● **TASK OBJECTIVE**: The following data needs to be repeated exactly, with all images excluded.

● **AVAILABLE DATA**:
--- START ---

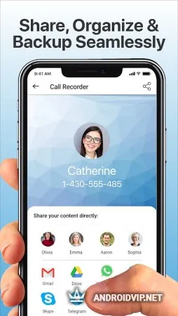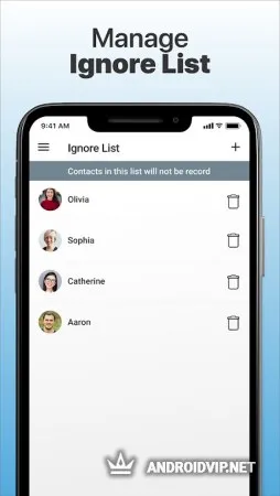 Выберите абонента, разговоры с которыми будут записываться автоматически, записи сохранятся в отдельную папку и будут отсортированы по дате и именам. Также, есть возможность установить на запись все входящие или исходящие звонки. Готовые записи вы сможете сразу же воспроизвести, переместить в другую папку или же обменяться в мессенджерах прямо из приложения. Помимо записи звонков, программа имеет функцию чёрного списка, куда можно добавить нежелательные абоненты и игнорировать их входящие звонки.
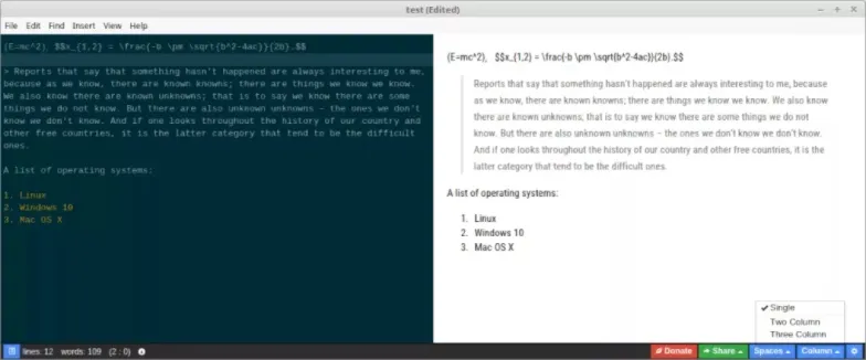 该应用有一系列有用的特性,包括拼写检查、以 HTML 格式保存文件或把富文本复制粘贴到邮件客户端。你也可以在侧窗中显示文档目录,展示语法高亮代码、以及助手、锚点和隐藏字符等。它目前正处于早期的开发阶段,因此还有一些很基本的 bug 需要修复,但它值得关注。它有两个主题可用,如果有能力,你也可以添加你自己的主题。
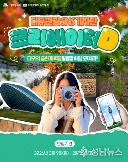 (성남뉴스) 대구광역시와 대구문화예술진흥원은 대구 관광의 매력을 발굴하고, 확산할 대구관광 크리에이터D를 다가오는 22일까지 모집한다.

--- END ---

● **EXPECTED OUTPUT**:
 Выберите абонента, разговоры с которыми будут записываться автоматически, записи сохранятся в отдельную папку и будут отсортированы по дате и именам. Также, есть возможность установить на запись все входящие или исходящие звонки. Готовые записи вы сможете сразу же воспроизвести, переместить в другую папку или же обменяться в мессенджерах прямо из приложения. Помимо записи звонков, программа имеет функцию чёрного списка, куда можно добавить нежелательные абоненты и игнорировать их входящие звонки.
 该应用有一系列有用的特性,包括拼写检查、以 HTML 格式保存文件或把富文本复制粘贴到邮件客户端。你也可以在侧窗中显示文档目录,展示语法高亮代码、以及助手、锚点和隐藏字符等。它目前正处于早期的开发阶段,因此还有一些很基本的 bug 需要修复,但它值得关注。它有两个主题可用,如果有能力,你也可以添加你自己的主题。
 (성남뉴스) 대구광역시와 대구문화예술진흥원은 대구 관광의 매력을 발굴하고, 확산할 대구관광 크리에이터D를 다가오는 22일까지 모집한다.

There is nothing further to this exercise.